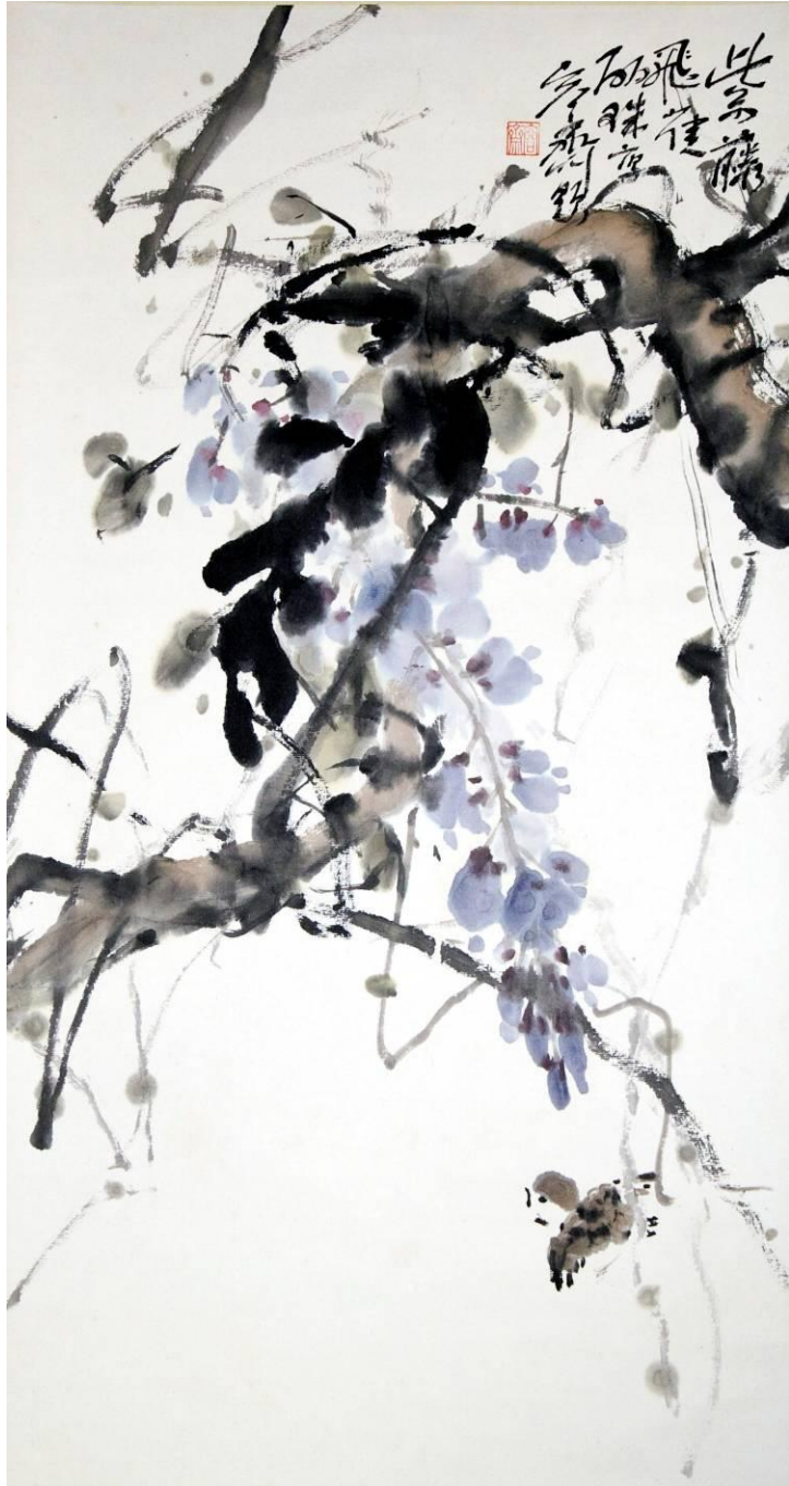
Tan Lay Choo Wisteria Chinese ink and pigment on paper 68 x 47 cm 1992
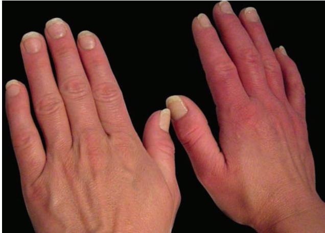
FIGURE 2: Erythema and edema on both hands, more pronounced on the right

any infection followed by fissures, blisters, painful ulcers, cyanosis, gangrene or necrosis. Many patients know that burning pain is relieved with cold water or ice, an electric fan or staying in places with low temperature. Some of these methods lead to skin maceration followed by epidermis slough thus increasing the damage to the skin barrier. Cold could trigger long lasting vasoconstriction provoking ischemia and tissue necrosis, what could be interpreted by patients as aggravation of the disorder. Cutaneous dystrophies could increase pain and at the same time slow skin repair, deteriorating their quality of life and leading to social isolation, and in case of hypothermia adding a life-threatening risk. The patient must be advised to discontinue these practices. Some patients could develop skin automutilation behavior; although its mechanism is unknown, the poor quality of life could be related to this condition. 2,18,32,34,36,62,66
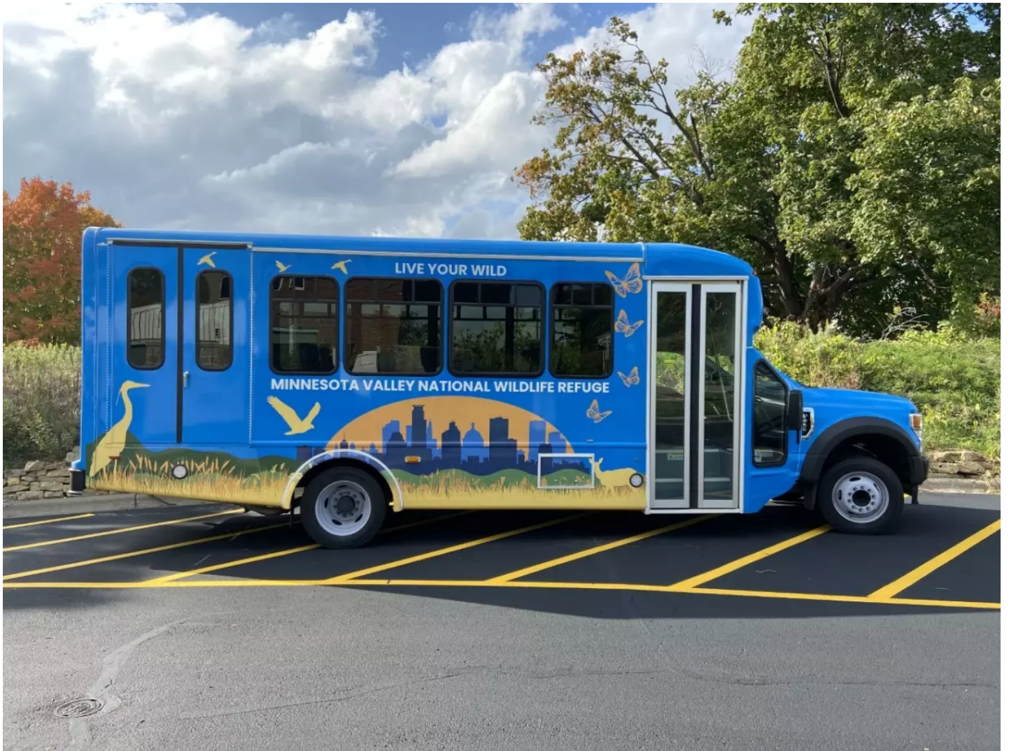
Logan created the art featured on this Minnesota Valley National Wildlife Refuge shuttle bus. Logan Sauer/USFWS | Image Details
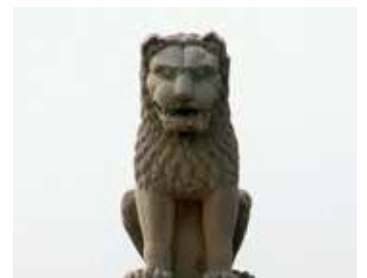
VAISHALI RELIC STUPA
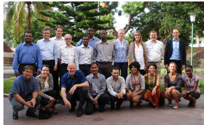
GIIF Implementing Partners at second annual GIIF Workshop, Senegal September 2012

Most importantly, farmers are learning that index insurance can be trusted. The implementing partners have made immediate payouts to several thousand farmers in Kenya and Rwanda after excessive drought or rain as measured by weather indexes. These payouts provide important seed capital for the economic recovery of
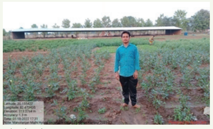
Vegetable cultivation by the VSS members through convergence
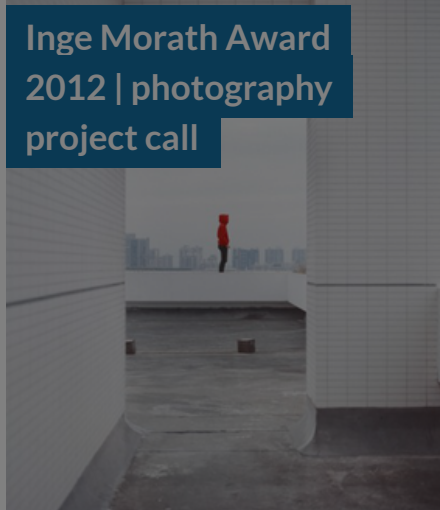
Inge Morath Award 2012 | photography project call
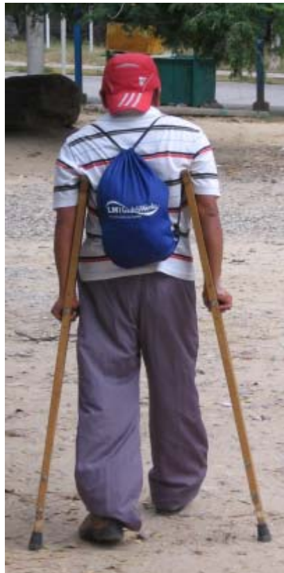
Mobility restored: A ROMP client fitted with a hip disarticulation prosthesis eagerly resumes independent activities.
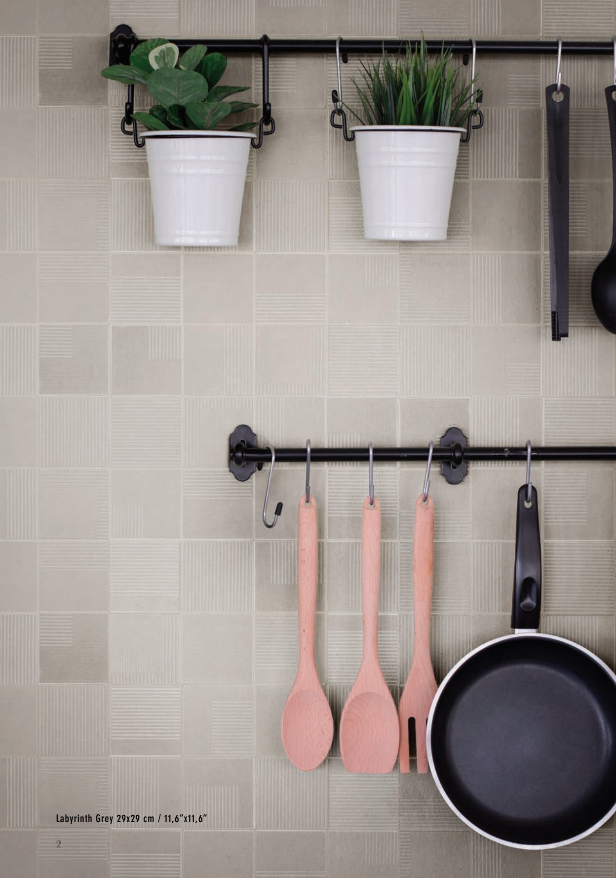
Labyrinth Grey 29x29 cm / 11,6"x11,6"
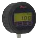
DPG-100 with Protective Rubber Boot
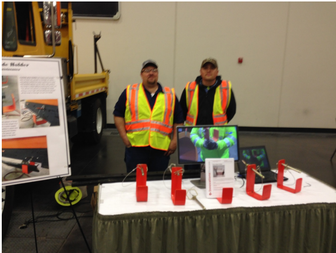
Plow Blade Holder
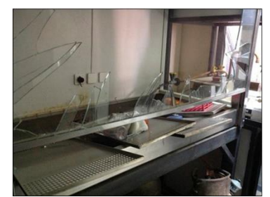
Figure 2. Glass shards remain in the sash frame after an explosion

2. It causes excessive heat build-up within the cabinet and can be a source of fires. Since Class II Type A2 cabinets, the most common type on campus, recirculates 70% of the air within the cabinet, heat from the Bunsen burner or open flame builds up over time. The excessive heat can inactivate or degrade research materials, thus affecting research results. In addition, concentrations of the flammable gas could reach explosive potential and pose a serious risk to not only the BSC, but to the user and the laboratory it occupies. Also, open flames within the cabinet can be a source of fire ignition for other materials within the cabinet, such as ethanol/alcohols and other easily flammable materials like paper towels.
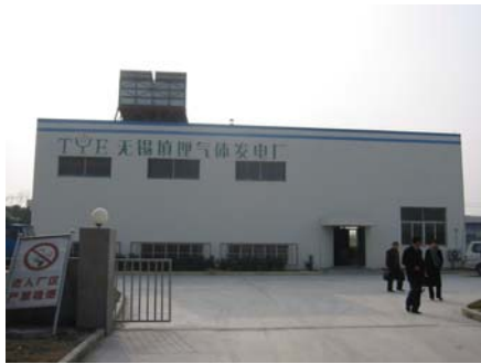
Photo 1: Wuxi Tianshun Environmental Technology Co. Ltd. (external view)
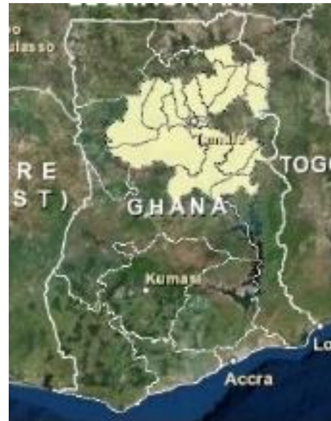
Figure 1: Map of 17 Implementation Districts in Northern Region, Ghana
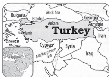
*Primary source: CIA World Factbook

The bookshops attract people from all walks of life who may have a curiosity about Christianity. For example, a man visited the shop in Izmir. He said that he was curious about Christianity but had never find a way to learn about it. He was happy to find a Christian whom he could talk to. Your gift to Bible a Month Regular Giving this month will help to support Bible hubs in Turkey.
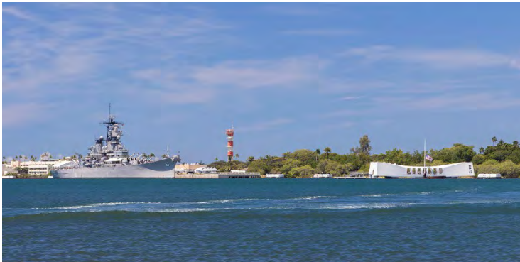
RS2 Deluxe Pearl Harbor Experience 4
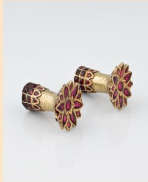
Thuria (Traditional Earring)
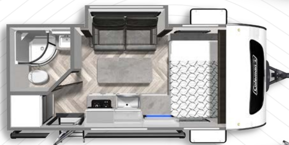
COLEMAN RUBICON 1608RB Length: 20' 7" Weight: 3,882 lbs. Sleeps: 2-4 Hitch: 525 lbs. Height: 10' 5"
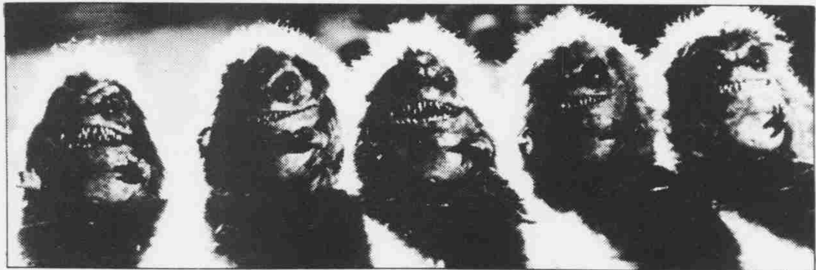
In the title role of "Critters 2" are these toothy porcupine tumbleweeds
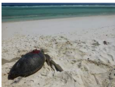
Alda' on her way back to the sea

Once both females had completed covering their nests, they were contained within a box to allow attachment of the satellite tag. Following some initial discomfort as they could not return immediately to the sea they both fell asleep in the box! The research team prepared the top of the shell for the satellite tag by cleaning and sanding it to enable the glue to stick properly. They then applied several layers of special glue and fibreglass to create a strong bond which should ensure the tag stays secure for a long period of time, and finally applying antifouling paint to prevent algal growth. The female turtles were then released, bid good luck and farewell and with lots of crossed fingers the team waited to see if they received messages from the satellite tags. To everyone's joy and excitement we have since received location points from both females. Alda departed Aldabra immediately and the other female has so far remained close to the west coast of the atoll.
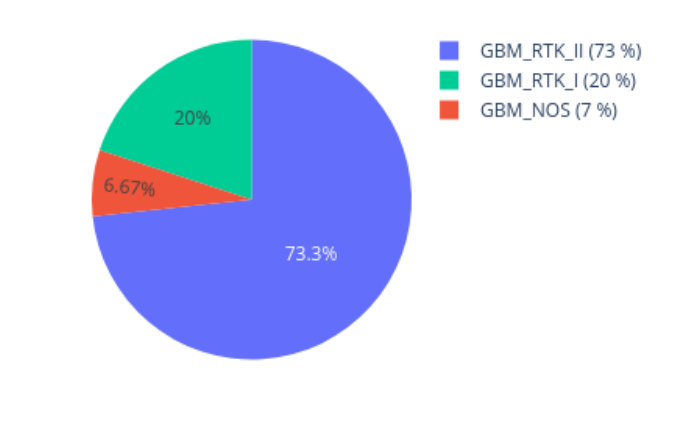
Copy number plot

Neighbors in UMAP for 207130360089_R06C01 reference: AllIDATv2_20210804_HPAP_Sarc.xlsx (19967 cases), 0 CpGs
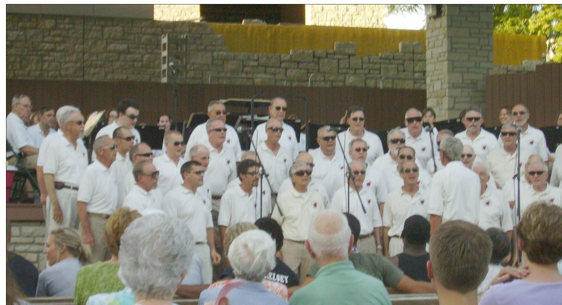
The Little Apple Chorus singing Barbara Ann, Tuesday June 23 at the invitation of the Manhattan Municipal Band at the Manhattan City Park – the Chorus and Band also jointly performed the Battle Hymn of the Republic
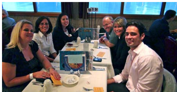
ANA members relax during the Kickoff Event, which was a boat ride and dinner on the Gateway Clipper . The event included a scenic view of Pittsburgh from the water, dinner and live music.

● **WHAT IS NEEDED**: Give again, exactly, the lines from the start of the data through the one holding "FIGURE 2: Erythema"; omit the pictures.

● **SOLUTION TO THIS PROBLEM**:
Tan Lay Choo Wisteria Chinese ink and pigment on paper 68 x 47 cm 1992
FIGURE 2: Erythema and edema on both hands, more pronounced on the right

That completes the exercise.